▶ [How to complete this task]: Nothing outside the lines below from the one containing "Boll Die Security" through the one containing "Connotation retour de" is to be printed; print those exactly, ends included, and drop the pictures.
=== Provided data ===
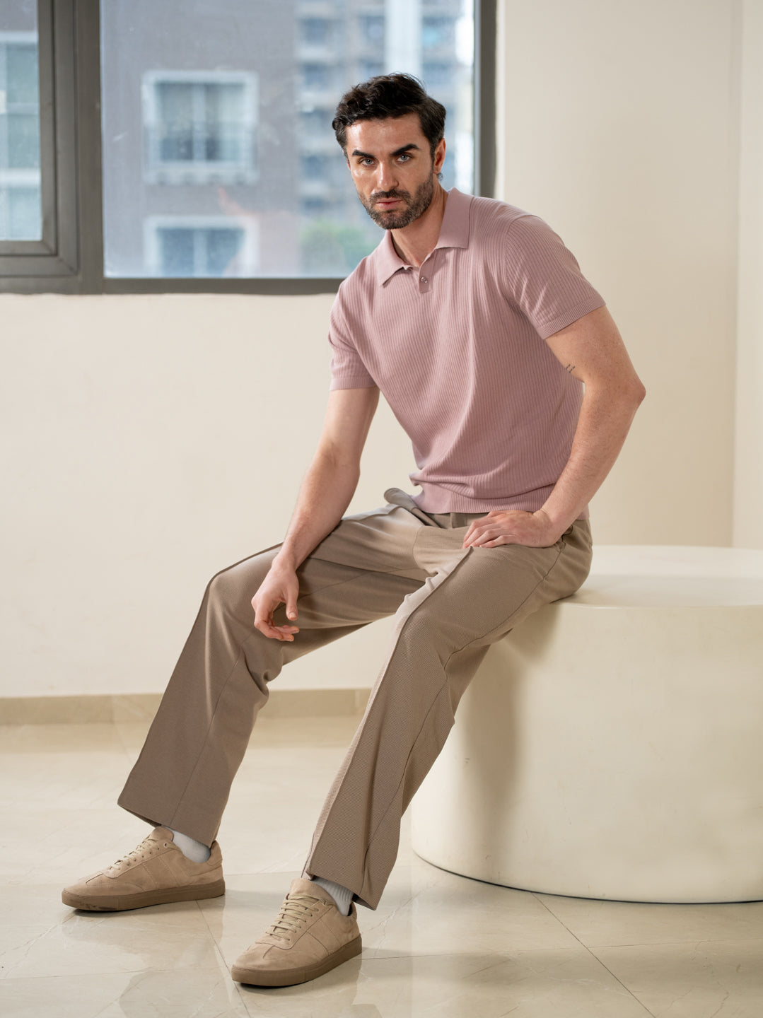 Crafted using a smart blend of 62% Polyester 34% Viscose & 4% Elastane to give you the additional soft-stretch-comfort. Our model in the image wears a Relaxed Fit.
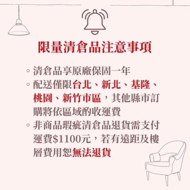 - 針對大型商品(包括:大型家電、家具床墊、健身按摩器材、車類...等),商店將於完成收款確認後,一天內〈不含例假日〉將會有專人與您確認相關配送細節等的聯繫。偏遠地區、樓層費及其它加價費用,皆由商店於約定配送時一併告知,商店將保留出貨與否的權利。
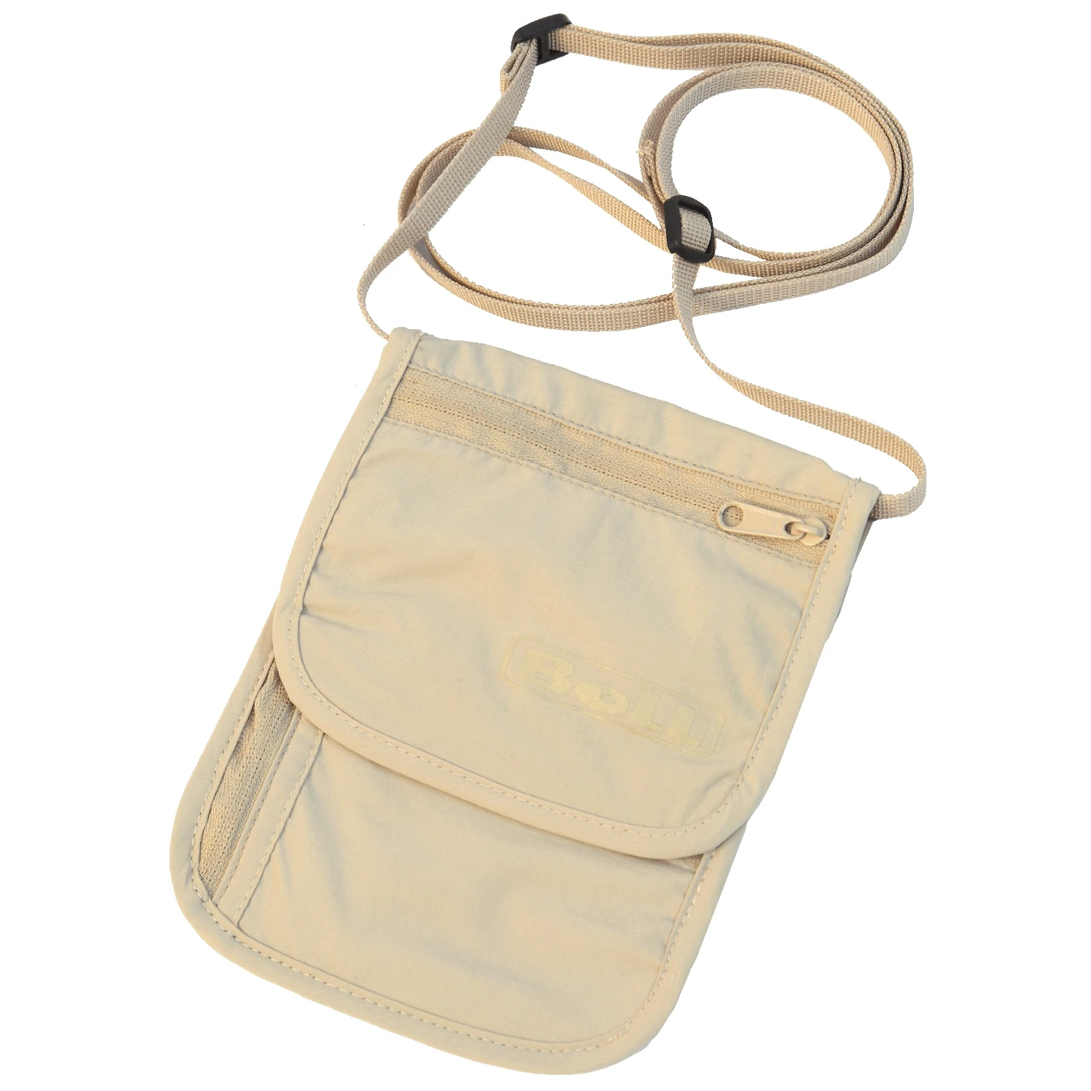 Boll Die Security Pouch ist eine ideale Reisetasche um den Hals, die unter der Unterwäsche getragen wird und über mehrere Taschen verfügt. Es eignet sich zum Verstecken von Geld, Reisedokumenten und Flugtickets. Dank der neutralen Farbe ist es auch unter heller Kleidung nicht sichtbar. Die Tasche besteht aus einem Gemisch aus feinem Polyester und Baumwolle.
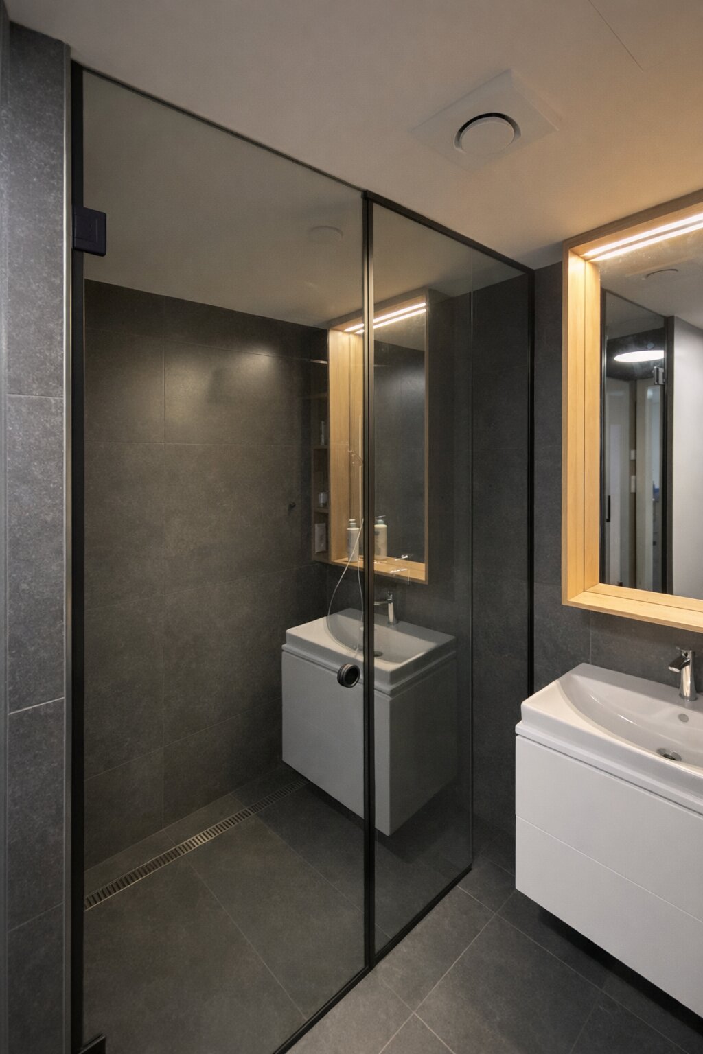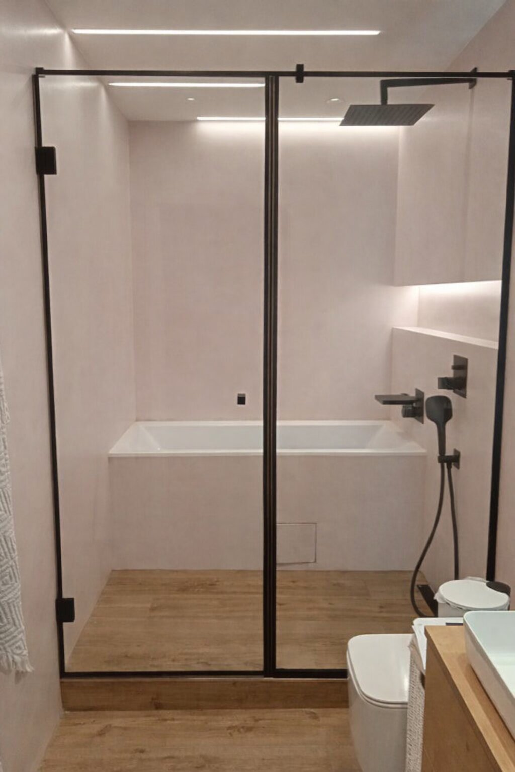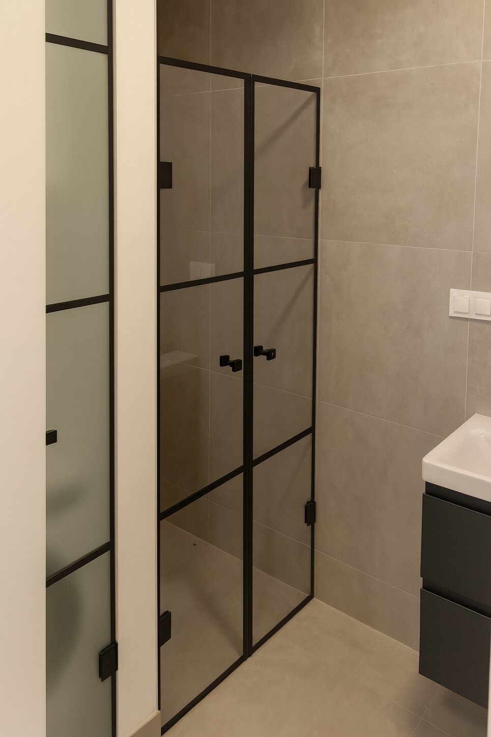 Sprchové kouty s černými rámečky ukazují, že i výrazný detail může zásadně ovlivnit atmosféru celé koupelny. Nejde o efektní gesto, ale o promyšlené řešení, které dává prostoru jasnou strukturu.
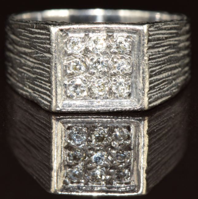 An 18ct white gold ring set with nine diamonds in a square setting, with textured shoulders, 6.2g, size J
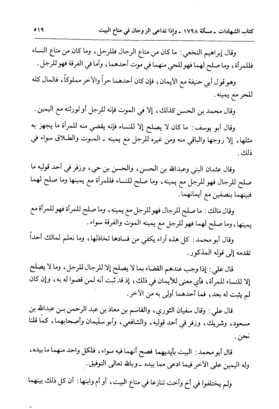وَقَالَ عُثْمَانُ الْبَتِّيُّ وَعَبْدُ اللَّهِ بْنُ الْحَسَنِ، وَالْحَسَنُ بْنُ حَيٍّ، وَزُفَرُ فِي أَحَدِ قَوْلَيْهِ مَا صَلَحَ لِلرِّجَالِ فَهُوَ لِلرَّجُلِ مَعَ يَمِينِهِ، وَمَا صَلَحَ لِلنِّسَاءِ فَلِلْمَرْأَةِ مَعَ يَمِينِهَا وَمَا صَلَحَ لَهُمَا فَبَيْنَهُمَا بِنِصْفَيْنِ مَعَ أَيْمَانِهِمَا.
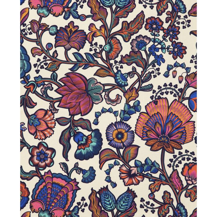 Connotation retour de voyage et tradition rehaussée en couleurs avec cette superbe indienne imprimée sur coton présentant un gros motif floral ornemental sur fond crème (un écru chaud).
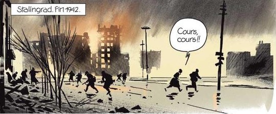 DR.Dans la prestigieuse collection Aire libre, les éditions Dupuis nous propose, cette fois, un album de Bourgeron et Ricard qui se déroule pendant la seconde guerre mondiale, lors de la bataille de Stalingrad. Lieu de tous les phantasmes et des histoires les plus extraordinaires (mais réelles) comme ce concert voulu par le parti à Stalingrad (voir Lutte majeure chez Casterman, collection KSTR), Stalingrad autorise les histoires les plus incroyables.
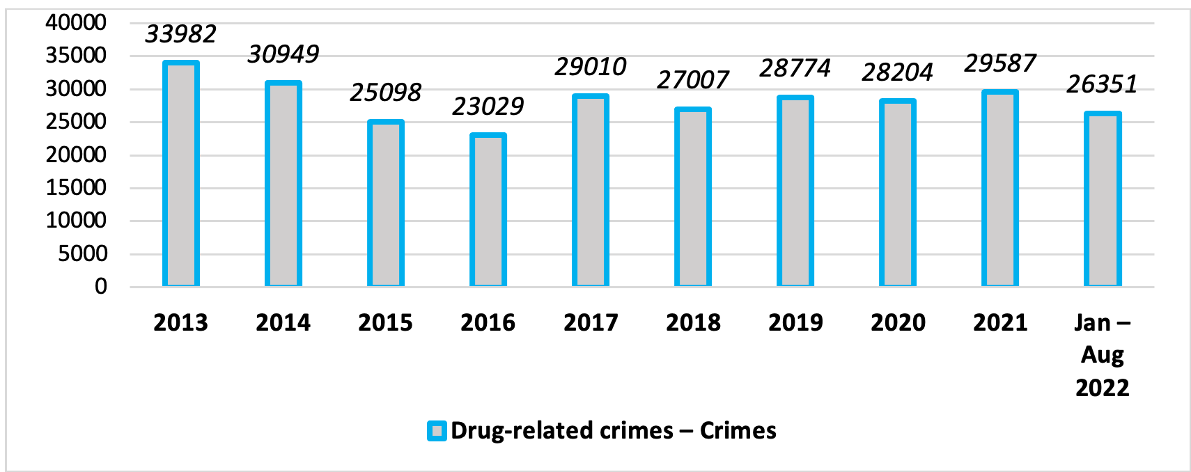 Moreover, we can expect that the number of drug-related crimes in 2022 could be bigger for the period of the last 10 years.
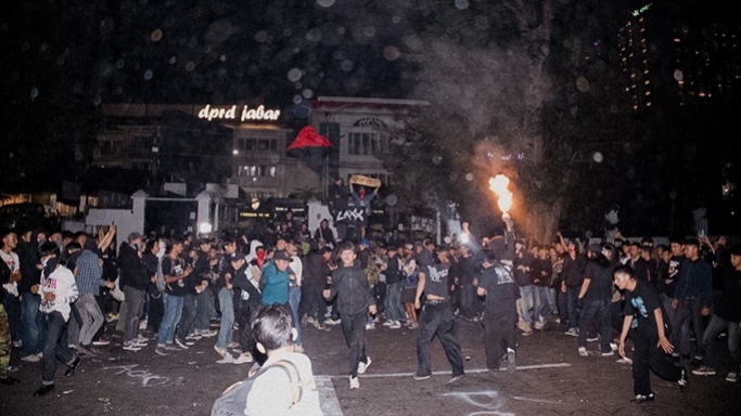 Aksi di depan DPRD Jawa Barat, Bandung, 28 Agustus 2024. (Foto: Fawaz (@vawazvawaz_))Merayakan Hari Tanpa Hadirnya Negara
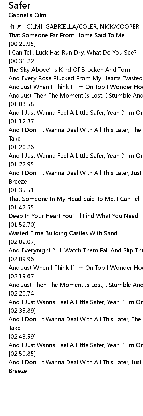 | [02:29.69] | And I Just Wanna Feel A Little Safer, Yeah I’m On My Knees |
===
▶ [Exercise response]:
 Boll Die Security Pouch ist eine ideale Reisetasche um den Hals, die unter der Unterwäsche getragen wird und über mehrere Taschen verfügt. Es eignet sich zum Verstecken von Geld, Reisedokumenten und Flugtickets. Dank der neutralen Farbe ist es auch unter heller Kleidung nicht sichtbar. Die Tasche besteht aus einem Gemisch aus feinem Polyester und Baumwolle.
 Sprchové kouty s černými rámečky ukazují, že i výrazný detail může zásadně ovlivnit atmosféru celé koupelny. Nejde o efektní gesto, ale o promyšlené řešení, které dává prostoru jasnou strukturu.
 An 18ct white gold ring set with nine diamonds in a square setting, with textured shoulders, 6.2g, size J
وَقَالَ عُثْمَانُ الْبَتِّيُّ وَعَبْدُ اللَّهِ بْنُ الْحَسَنِ، وَالْحَسَنُ بْنُ حَيٍّ، وَزُفَرُ فِي أَحَدِ قَوْلَيْهِ مَا صَلَحَ لِلرِّجَالِ فَهُوَ لِلرَّجُلِ مَعَ يَمِينِهِ، وَمَا صَلَحَ لِلنِّسَاءِ فَلِلْمَرْأَةِ مَعَ يَمِينِهَا وَمَا صَلَحَ لَهُمَا فَبَيْنَهُمَا بِنِصْفَيْنِ مَعَ أَيْمَانِهِمَا.
 Connotation retour de voyage et tradition rehaussée en couleurs avec cette superbe indienne imprimée sur coton présentant un gros motif floral ornemental sur fond crème (un écru chaud).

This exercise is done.